In Chapter 1, we treated the data as fixed and learned parameters. But where does the data come from? What assumptions are we making about how it was generated? To answer these questions, we need a language for describing random processes. That language is probability distributions.

A probability distribution is a mathematical recipe for generating data. If we believe our data was generated by some distribution, then learning amounts to figuring out which distribution (or which parameters of that distribution) best explains what we've observed.

The generative story: Behind every dataset, there is (at least conceptually) a process that generated it. "Nature picked parameters, then generated data from those parameters." Our job is to run this story in reverse: observe data, infer parameters. The distributions in this chapter are the building blocks for these generative stories.

This chapter covers a progression of increasingly rich distributions:

Distribution	What it models	Example
Bernoulli	Binary outcomes	Coin flips, spam/not-spam
Binomial	Count of successes in N trials	Number of heads in 10 flips
Beta	Prior over Bernoulli parameter	Belief about coin bias
Multinomial	Outcomes with K categories	Dice rolls, word counts
Dirichlet	Prior over multinomial parameters	Belief about dice bias
Gaussian	Continuous, bell-shaped data	Measurement noise, heights

A unifying theme: each distribution has a natural conjugate prior — a prior distribution that, when combined with the likelihood via Bayes' theorem, yields a posterior in the same family. This makes Bayesian inference analytically tractable. Conjugacy is elegant mathematics, but it's also practically useful: it gives us closed-form updates instead of intractable integrals.

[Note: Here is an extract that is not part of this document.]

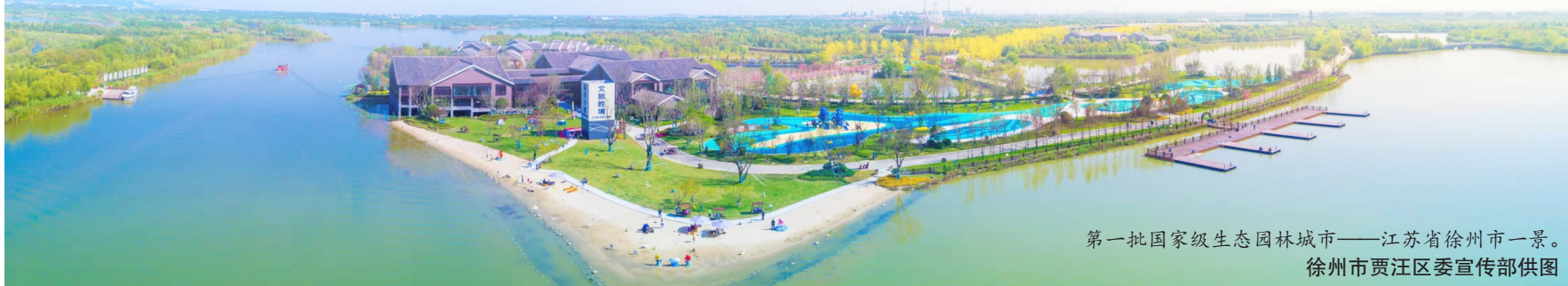
第一批国家级生态园林城市——江苏省徐州市一景。

“近期应树立融合观——生产、生活、生态三类空间并非应该是简单的分区、独立和各自限定,而应是融合的关系。”贺文龔表示,“而远期应树立系统观。生态是一个复杂的系统,但至少我们可以先形成若干的子系统,比如由海绵城市到生态雨洪系统、由慢行交通到绿色出行系统、由多样物种到和谐共生的生物系统,依次来构建绿色和谐的城市大园林。”
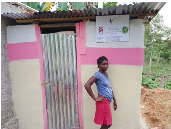
Vista frontal de una de las letrinas construidas con el cartel de agradecimiento al Ayuntamiento de Coslada

Check: What is a conjugate prior?

A prior that, combined with the likelihood, gives a posterior in the same distributional family Any prior distribution with zero mean The prior that maximizes the likelihood

Chapter 1: The Bernoulli Distribution

The simplest possible distribution: a single binary random variable x ∈ {0, 1}. A coin flip. The Bernoulli distribution has one parameter μ ∈ [0, 1], the probability of "heads" (x = 1):

Bern(x|μ) = μ^x (1 − μ)^1−x

Its mean is E[x] = μ and variance is var[x] = μ(1 − μ). Given N observations D = {x₁, …, x_N}, the likelihood is:

p(D|μ) = ∏_n=1^N μ^x_n(1 − μ)^1−x_n = μ^m(1 − μ)^N−m

where m = ∑ x_n is the number of "heads." The sufficient statistic is m — given m and N, the individual order of observations doesn't matter.

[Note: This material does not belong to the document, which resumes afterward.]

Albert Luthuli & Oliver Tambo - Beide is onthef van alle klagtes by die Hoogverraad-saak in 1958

Maximizing the log-likelihood gives the maximum likelihood estimate:

μ_ML = m / N

The sample proportion. If you flip 3 heads in 3 tries, ML says μ = 1. The coin is definitely always heads. This is clearly absurd for small N — ML overfits with limited data.

Key insight: With just 3 observations, ML estimates μ = 1 with certainty. But surely we wouldn't bet our life that the coin always lands heads. We need a way to express uncertainty about μ and to incorporate prior knowledge (like "most coins are roughly fair"). That's what the beta prior gives us.

The binomial distribution counts the total number m of heads in N independent Bernoulli trials:

Bin(m|N, μ) = C(N, m) μ^m (1 − μ)^N−m

where C(N, m) = N! / (m!(N−m)!) is the binomial coefficient. The mean is Nμ and variance is Nμ(1 − μ).

Check: What is the ML estimate of μ from 3 heads out of 3 flips?

μ = 1 (which is clearly overfit to the small sample) μ = 0.5 (fair coin assumption) μ = 0.75

Chapter 2: The Beta Prior

To do Bayesian inference on the Bernoulli parameter μ, we need a prior distribution over μ ∈ [0, 1]. The beta distribution is the conjugate prior for the Bernoulli:

Beta(μ|a, b) = Γ(a+b) / (Γ(a)Γ(b)) · μ^a−1 (1−μ)^b−1

The hyperparameters a and b control the shape. Think of them as "pseudo-counts": a is the number of imaginary heads, b is the number of imaginary tails we've seen before collecting any real data.

Beta Distribution & Bayesian Updating

Set your prior (a, b), then observe coin flips. Watch the posterior update in real time as evidence accumulates.

a2.0

b2.0

0 heads, 0 tails

After observing m heads and l = N − m tails, the posterior is also a beta distribution:

p(μ|D) = Beta(μ| a + m, b + l)

Conjugacy in action: The prior was Beta(a, b). The posterior is Beta(a+m, b+l). Same family! We just add the observed counts to the prior pseudo-counts. This is the beauty of conjugate priors: Bayesian updating reduces to simple arithmetic. No integrals needed.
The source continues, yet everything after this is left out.